Bills to expand the coverage were filed last week in the state House and Senate.
Cooper said he thinks that more balance of power in the General Assembly is good and that the people spoke very loudly in November that they wanted more balance in their state legislature.
“There is no question there are Republicans and Democrats who see the need to expand access to health care of families in North Carolina,” he said. “They see it is important because No. 1, we can insure 500,000 or 600,000 more North Carolinians. No. 2, this is federal tax money that we are already paying to Washington that will bring us about $4 billion a year.

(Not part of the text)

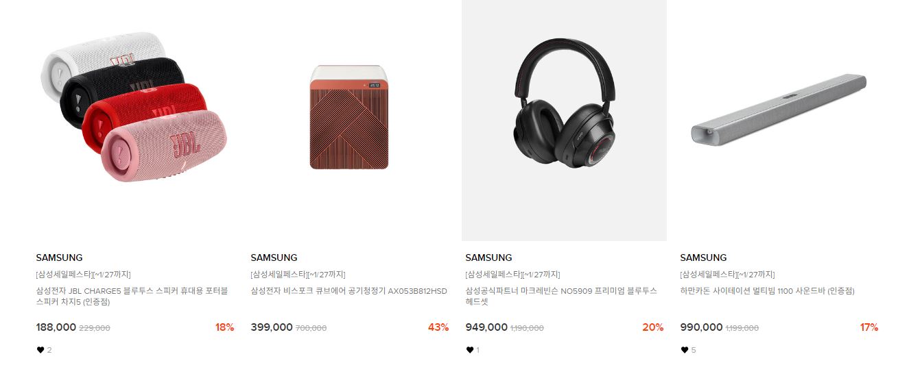 할인 품목 : 냉장고, 스피커, 스마트워치 등

“No. 3, it helps private insurance plans because we are reducing the number of indigent people and helps control health care cost. No. 4, it is going to create 30,000 to 40,000 new good-paying jobs — many of those jobs in rural North Carolina. No. 5, it is going to help save rural hospitals. No. 6, we have 30,000 veterans who are uninsured in North Carolina. Medicaid expansion will insure 23,000 of those veterans.”
Cooper said supporters believe they can convince hospitals and health care providers to provide the money for the state’s 10-percent match.
“So here we are without having to expend many state tax dollars,” he said. “We can draw down $4 billion per year, insure more people and improve our economy. It is a win-win-win. I believe we have enough Republicans and Democrats so we can come up with a North Carolina solution.”
The state can follow the 37 states that already have expanded Medicaid and the others that are doing so, he said.
North Carolina needs to be one of them, he said.
Cooper was asked why the issue has turned so urgent.
“People are dying every day of opioid overdoses,” he said. “People are having to deal with mental health issues and not getting treatment. Rural hospitals are on the brink of closing. We need to make sure we provide that infusion to help deal with all of those very immediate problems.”
There is something wrong when a person serves the country, returns home and does not have health insurance, Cooper said.
Cooper said a lot of what he has learned about the issue was confirmed by those participating in the roundtable.
One thing is to ensure that medical providers receive the information they need, as the state switches to managed care Medicaid, he said.
“Hearing about the sheriff (Larry Pierce) talk about all of the time law enforcement officers spent with people with substance abuse disorders and with mental health issues,” Cooper said. “That stands out as I talk with law enforcement across the state.
“This is a way to help them out. This is a way to take a lot of those patients who need to be getting treatment off their plate and out of our jails because they really don’t need to be there.”
Medicaid expansion is exciting for Goldsboro Pediatrics because it is probably the largest pediatric practice in North Carolina and has been closely integrated in the community and the hospital, the health department, public schools and other agencies, Tayloe said.
“We also work closely with the administration of Governor Cooper in Raleigh and with the Community Care of North Carolina staff and infrastructure folks to put together what we think is the best Medicaid plan in the county.”
Tayloe said that in his travels to other states, others could not believe how good the Medicaid program is in North Carolina.
That is before the legislature made the move to commercial managed care, he said.
“So it is going to be a huge challenge to keep what we have going, but I think we can do it. But Medicaid expansion is such a vital part of that so that the parents of our patients have insurance. Those parents are healthier.
“The ones who need mental health, substance abuse treatment can get it, and we can hopefully improve a lot of the outcomes in our rural county.”
The lack of Medicaid expansion is a “chink” in the health care infrastructure, since the Affordable Care Act made it so very smart to expand Medicaid, Tayloe said.
“What you do if you don’t expand Medicaid is you really disadvantage those people under 100 percent of poverty who can’t get the subsidies to get private insurance and they don’t qualify for Medicaid. So they are basically uninsured unless they pay cash.”